--- TRY IT ---
Exact repetition of a range: find the line containing "東方學院黨委書記王敏、副院長" and the line containing "Typeform has an" in the material below, then repeat both and all lines between them, leaving pictures out.

--- TASK DATA ---
□ □ □ □
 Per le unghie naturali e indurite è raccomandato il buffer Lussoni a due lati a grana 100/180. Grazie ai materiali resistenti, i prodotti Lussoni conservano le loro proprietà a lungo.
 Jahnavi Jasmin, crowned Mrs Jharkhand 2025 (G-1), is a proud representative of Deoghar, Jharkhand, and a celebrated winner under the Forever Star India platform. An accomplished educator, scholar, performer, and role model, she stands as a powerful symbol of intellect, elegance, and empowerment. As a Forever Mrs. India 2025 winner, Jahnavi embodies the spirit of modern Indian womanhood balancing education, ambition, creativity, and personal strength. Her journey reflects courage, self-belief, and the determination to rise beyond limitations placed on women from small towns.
□ □ □ □
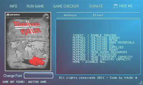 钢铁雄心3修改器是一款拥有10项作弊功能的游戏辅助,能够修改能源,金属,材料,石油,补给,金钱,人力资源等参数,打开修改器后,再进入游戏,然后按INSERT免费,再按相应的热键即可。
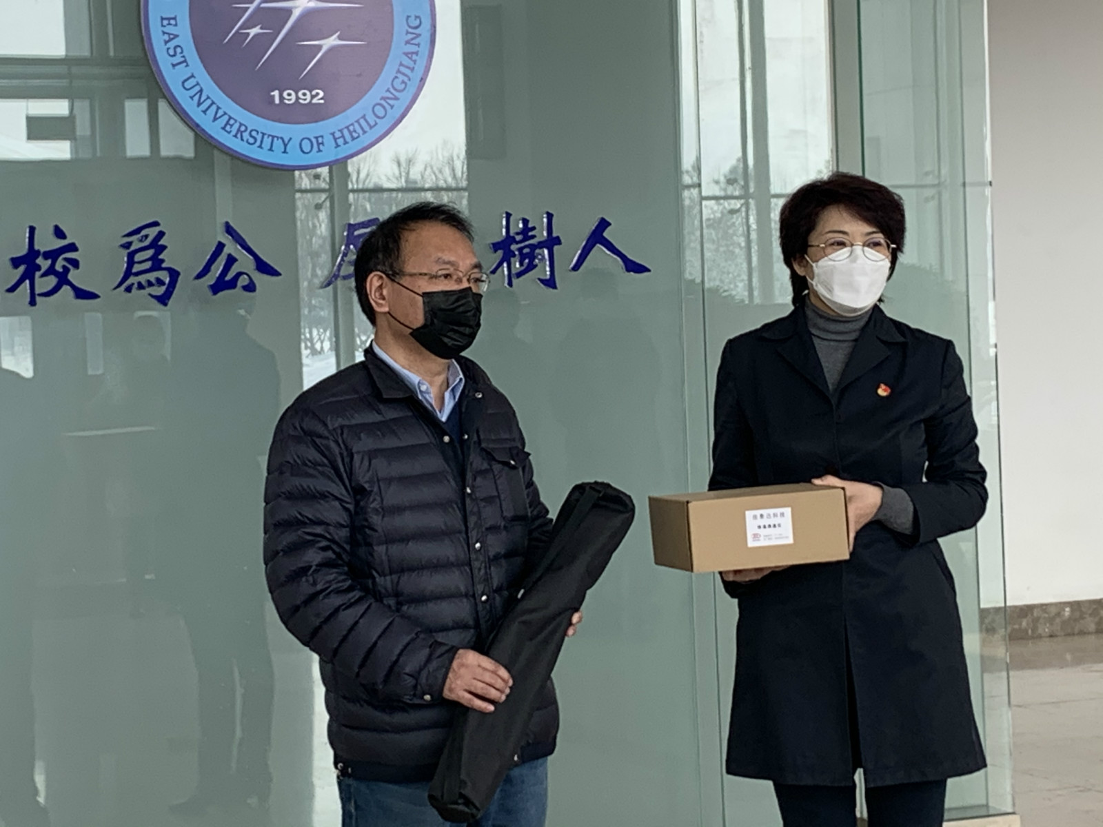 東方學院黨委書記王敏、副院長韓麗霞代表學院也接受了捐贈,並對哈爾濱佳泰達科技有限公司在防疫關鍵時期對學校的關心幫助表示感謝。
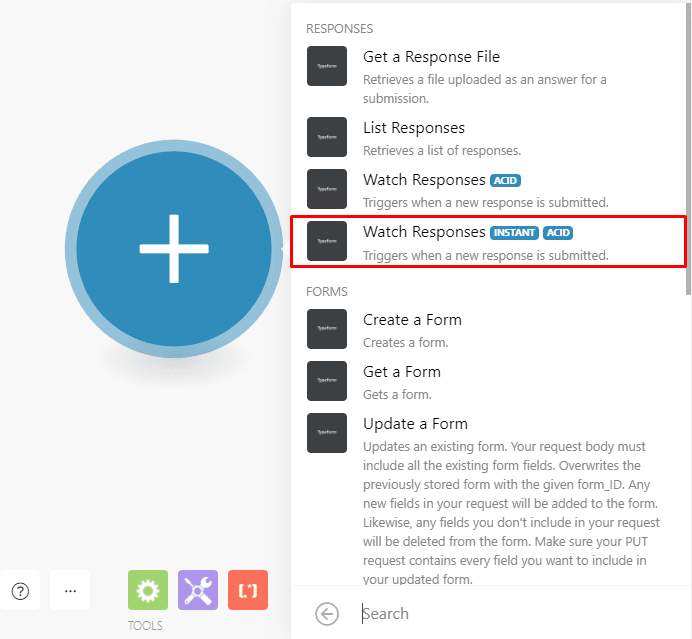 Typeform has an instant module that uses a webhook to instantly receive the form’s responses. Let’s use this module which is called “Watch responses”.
□ □ □ □
--- SOLUTION TO THIS EXERCISE ---
 東方學院黨委書記王敏、副院長韓麗霞代表學院也接受了捐贈,並對哈爾濱佳泰達科技有限公司在防疫關鍵時期對學校的關心幫助表示感謝。
 Typeform has an instant module that uses a webhook to instantly receive the form’s responses. Let’s use this module which is called “Watch responses”.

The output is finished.